Sinfonia nº 6 em si menor, op. 74, “Patética”

Piotr Ilitch TCHAIKOVSKY

(1893)

Instrumentação: piccolo, 3 flautas, 2 oboés, 2 clarinetes, 2 fagotes, 4 trompas, 2 trompetes, 3 trombones, tuba, tímpanos, percussão, cordas.

 

A história da sexta e última sinfonia de Tchaikovsky é cercada de mistérios indecifráveis. Tchaikovsky terminou sua composição em agosto de 1893 e regeu sua estreia no dia 28 de outubro do mesmo ano, em São Petersburgo. Nove dias depois, morria de causas ainda não comprovadas.

 

A estreia foi um fracasso, aparentemente por se tratar de uma música muito intimista. Quando o assunto era sinfonia, o público esperava ouvir uma música que, embora pudesse conter alguns momentos tristes, deveria iniciar e terminar com temas grandiosos. A Sexta Sinfonia, para surpresa geral, inicia e termina de maneira triste e melancólica. Tchaikovsky não gostou da recepção da obra e resolveu refazer alguns trechos, além de acrescentar o título de “Patética”. E, contrariando a ordem sanitária vigente em São Petersburgo na época, bebeu um copo de água sem ferver, contraiu cólera e morreu nove dias depois, deixando o mundo todo surpreso. Desde então, começaram a surgir os mistérios em torno da Sinfonia e de sua morte.

 

Segundo seu irmão, Modest, Tchaikovsky bebera o copo de água fatal no dia seguinte à estreia, em sua casa; mas seu sobrinho, Iurii Davydov, irmão de Vladimir Davydov, para quem Tchaikovsky dedicara a Sinfonia, atestou que a água havia sido bebida no Restaurante Leiner, onde Tchaikovsky jantara com amigos e parentes logo após o concerto de estreia. No início do século XX, novas versões vieram à tona. A filha de Iurii, Xeniya Davydova, declarou que a história da água contaminada era pura ficção. Segundo ela, seu pai, perturbado com os crescentes rumores de que seu tio suicidara, inventara a versão de que estivera presente no restaurante para poder atestar uma história diferente. Vasily Bertenson, um dos médicos que atenderam Tchaikovsky em suas últimas horas, afirmou, no final da vida, que o compositor havia tomado veneno. Alexander Zander, filho do outro médico que atendera o compositor, admitiu que seu pai contara a ele uma história semelhante.

 

Ao que tudo indica, jamais saberemos se Tchaikovsky morreu de cólera, se fora envenenado ou se tomara veneno por conta própria. As inúmeras contradições dos membros da família, a respeito do copo de água contaminada, parecem atestar que a morte por cólera pode, de fato, ter sido uma invenção; e esses membros jamais apareceram com uma acusação de possível assassinato. Sobraria, assim, a versão do suicídio.

 

Tchaikovsky já havia tentado se matar uma vez, em 1877, logo após a catástrofe de um casamento infeliz. Para evitar que sua família caísse em desgraça pelo escândalo de um suicídio, ele procurou fazer de modo a parecer que fosse de causa natural. Assim, ele entrou no Rio Moscou e lá permaneceu a noite inteira, na esperança de pegar pneumonia e morrer. Agora, nos últimos anos de vida, Tchaikovsky talvez se sentisse pressionado mais uma vez. Segundo alguns estudiosos, ele suportava, com dificuldade, os rumores de que o amor por seu sobrinho, Vladimir Davydov, era mais do que paternal. Sua provável homossexualidade havia se tornado pública e sua vida social se tornava insustentável.

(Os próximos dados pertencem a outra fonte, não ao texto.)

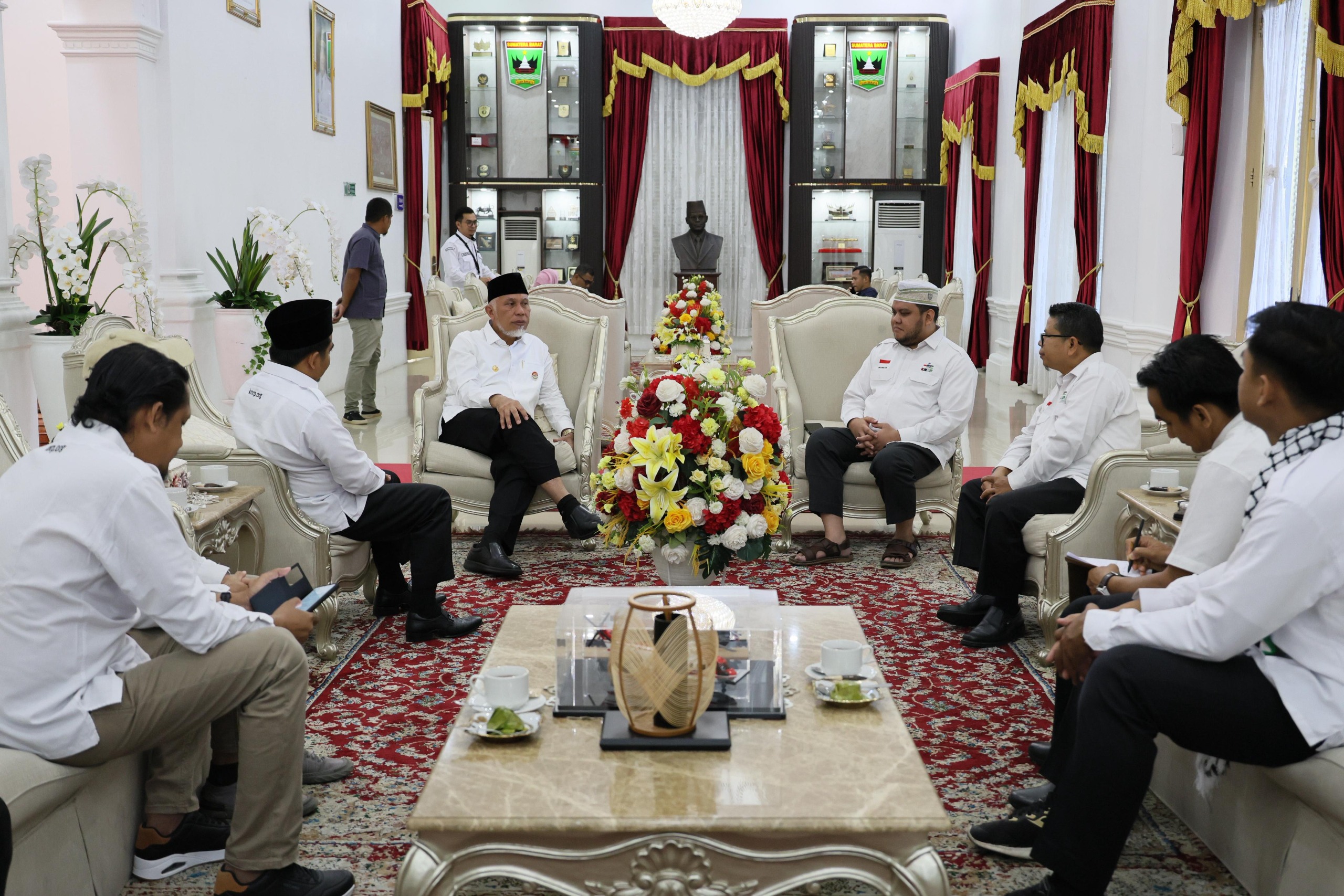 SUMBAR, CARAPANDANG - Gubernur Sumatera Barat (Sumbar), Mahyeldi Ansharullah melepas keberangkatan relawan Komite Nasional untuk Rakyat Palestina (KNRP) Sumbar yang membawa bantuan kemanusiaan senilai Rp1.370.766.600 untuk rakyat Palestina di Istana Gubernuran, Rabu (28/5/2025).

Seria possível que, mais uma vez sobre enorme pressão, ele fizesse uma segunda tentativa?

 

E, então, temos a Sexta Sinfonia. De acordo com algumas cartas de Tchaikovsky, suas sinfonias eram como “confissões musicais”, capazes de “expressar tudo aquilo para o qual não existem palavras”, principalmente questões como Vida, Morte, Amor e Beleza. O que estaria o compositor, então, tentando nos dizer, nesta sua carta de adeus? Provavelmente, das suas desilusões amorosas e musicais, da sua impotência frente às dificuldades da vida… Possivelmente, da sua angústia com o vazio que se descortinava, um vazio causado pelo fato de que tudo que ele amava e acreditava fosse eterno, estivesse, talvez, se dissolvendo…

 

Guilherme Nascimento
Doutor em Composição, professor de Música da UEMG e da Fundação de Educação Artística, autor do livro Música menor.